Skip to main content

Mobilizing Zeek Logs

· 8 min read
Matthias Vallentin

Zeek offers many ways to produce and consume logs. In this blog, we explain the various Zeek logging formats and show how you can get the most out of Zeek with Tenzir. We conclude with recommendations for when to use what Zeek format based on your use case.

Zeek Logging 101

Zeek's main function is turning live network traffic or trace files into structured logs.1 Zeek logs span the entire network stack, including link-layer analytics with MAC address to application-layer fingerprinting of applications. These rich logs are invaluable for any network-based detection and response activities. Many users also simply appreciate the myriad of protocol analyzers, each of which generates a dedicated log file, like smb.log, http.log, x509.log, and others.
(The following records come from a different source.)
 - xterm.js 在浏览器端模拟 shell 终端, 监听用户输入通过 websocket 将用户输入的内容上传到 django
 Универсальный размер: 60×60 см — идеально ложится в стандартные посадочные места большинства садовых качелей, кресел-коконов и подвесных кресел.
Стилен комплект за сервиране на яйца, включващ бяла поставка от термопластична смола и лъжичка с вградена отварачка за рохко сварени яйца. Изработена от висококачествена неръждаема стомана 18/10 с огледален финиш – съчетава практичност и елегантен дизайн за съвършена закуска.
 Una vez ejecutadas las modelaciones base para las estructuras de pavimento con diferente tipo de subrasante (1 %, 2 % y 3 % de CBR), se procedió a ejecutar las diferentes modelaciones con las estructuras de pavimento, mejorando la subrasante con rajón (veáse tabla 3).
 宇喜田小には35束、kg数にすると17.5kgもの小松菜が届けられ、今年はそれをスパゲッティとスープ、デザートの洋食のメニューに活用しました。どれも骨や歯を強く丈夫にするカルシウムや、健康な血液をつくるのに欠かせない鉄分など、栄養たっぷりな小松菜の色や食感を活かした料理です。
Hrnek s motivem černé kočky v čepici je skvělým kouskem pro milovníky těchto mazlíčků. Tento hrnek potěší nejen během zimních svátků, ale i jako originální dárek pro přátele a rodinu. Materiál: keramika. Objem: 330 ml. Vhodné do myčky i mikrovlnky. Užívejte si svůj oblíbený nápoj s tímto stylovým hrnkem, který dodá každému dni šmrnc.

In the default configuration, Zeek writes logs into the current directory, one file per log type. There are various file formats to choose from, such as TSV, JSON, and others. Let's take a look.

Tab-Separated Values (TSV)

Zeek's custom tab-separated value (TSV) format is variant of CSV with additional metadata, similar to a data frame.
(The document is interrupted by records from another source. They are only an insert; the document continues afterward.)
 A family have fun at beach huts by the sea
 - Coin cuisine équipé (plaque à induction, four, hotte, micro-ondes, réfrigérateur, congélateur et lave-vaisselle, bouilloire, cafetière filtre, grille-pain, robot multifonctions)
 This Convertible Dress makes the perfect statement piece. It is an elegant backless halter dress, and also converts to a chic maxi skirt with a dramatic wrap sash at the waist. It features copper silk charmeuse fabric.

Here's how you create TSV logs from a trace:

zeek -C -r trace.pcap [scripts]
disable checksumming

We add -C to disable checksumming, telling Zeek to ignore mismatches and use all packets in the trace. This is good practice to process all packets in a trace, as some capturing setups may perturb the checksums.
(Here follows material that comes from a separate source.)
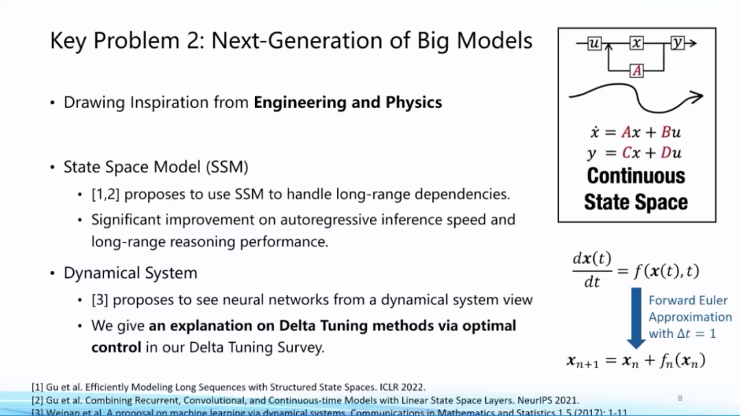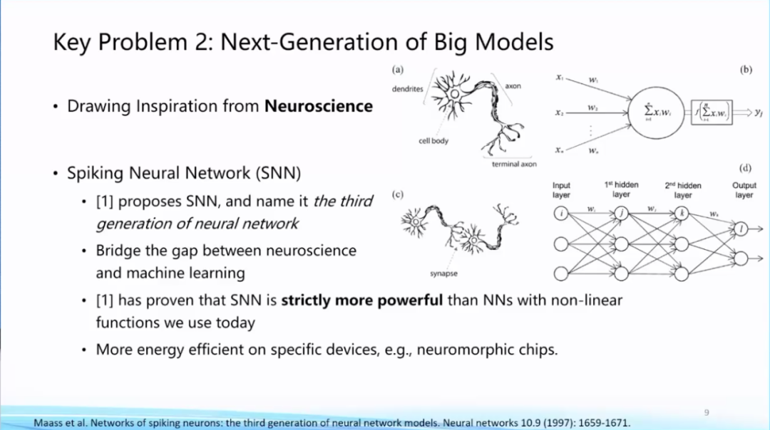 我们还可以从工程和物理角度去考虑这个问题,比如State Space Model,以及动态系统的角度去考虑等等;第三个方面来自于神经科学,面向类脑最近一直有人在研究Spiking Neural Network,上述这些都是新型架构的前沿研究。到底下一代大模型框架是什么?还没有一个标准答案,这本身就是一个亟待探索的问题。

And here's a snippet of the corresponding conn.log:

#separator \x09
#set_separator ,
#empty_field (empty)
#unset_field -
#path conn
#open 2019-06-07-14-30-44
#fields ts uid id.orig_h id.orig_p id.resp_h id.resp_p proto service duration orig_bytes resp_bytes conn_state local_orig local_resp missed_bytes history orig_pkts orig_ip_bytes resp_pkts resp_ip_bytes tunnel_parents community_id
#types time string addr port addr port enum string interval count count string bool bool count string count count count count set[string] string
1258531221.486539 Cz8F3O3rmUNrd0OxS5 192.168.1.102 68 192.168.1.6 7 udp dhcp 0.163820 301 300 SF - - 0 Dd 1 329 1 328 - 1:aWZfLIquYlCxKGuJ62fQGlgFzAI=
1258531680.237254 CeJFOE1CNssyQjfJo1 192.168.1.103 137 192.168.1.255 137 udp dns 3.780125 350 0 S0 - - 546 0 0 - 1:fLbpXGtS1VgDhqUW+WYaP0v+NuA=

And here's a http.log with a different header:

#separator \x09
#set_separator ,
#empty_field (empty)
#unset_field -
#path http
#open 2019-06-07-14-30-44
#fields ts uid id.orig_h id.orig_p id.resp_h id.resp_p trans_depth method host uri referrer version user_agent request_body_len response_body_len status_code status_msg info_code info_msg tags username password proxied orig_fuids orig_filenames orig_mime_types resp_fuids resp_filenames resp_mime_types
#types time string addr port addr port count string string string string string string count count count string count string set[enum] string string set[string] vector[string] vector[string] vector[string] vector[string] vector[string] vector[string]
1258535653.087137 CUk3vSsgfU9oCghL4 192.168.1.104 1191 65.54.95.680 1 HEAD download.windowsupdate.com /v9/windowsupdate/redir/muv4wuredir.cab?0911180916 - 1.1 Windows-Update-Agent 0 0 20OK - - (empty) - - - - - - - -
1258535655.525107 Cc6Alh3FtTOAqNSIx2 192.168.1.104 1192 65.55.184.16 80 1 HEAD www.update.microsoft.com /v9/windowsupdate/selfupdate/wuident.cab?0911180916 - 1.1 Windows-Update-Agent 0 200 OK - - (empty) - - - - - - -

Many Zeek users would now resort to their downstream log management tool, assuming it supports the custom TSV format. Zeek also comes with small helper utility zeek-cut for light-weight reshaping of this TSV format. For example:

zeek-cut id.orig_h id.resp_h < conn.log

This selects the columns id.orig_h and id.resp_h. Back in the days, many folks used awk to extract fields by their position, e.g., with $4, $7, $9. This is not only difficult to understand, but also brittle, since Zeek schemas can change based on configuration. With zeek-cut, it's at least a bit more robust.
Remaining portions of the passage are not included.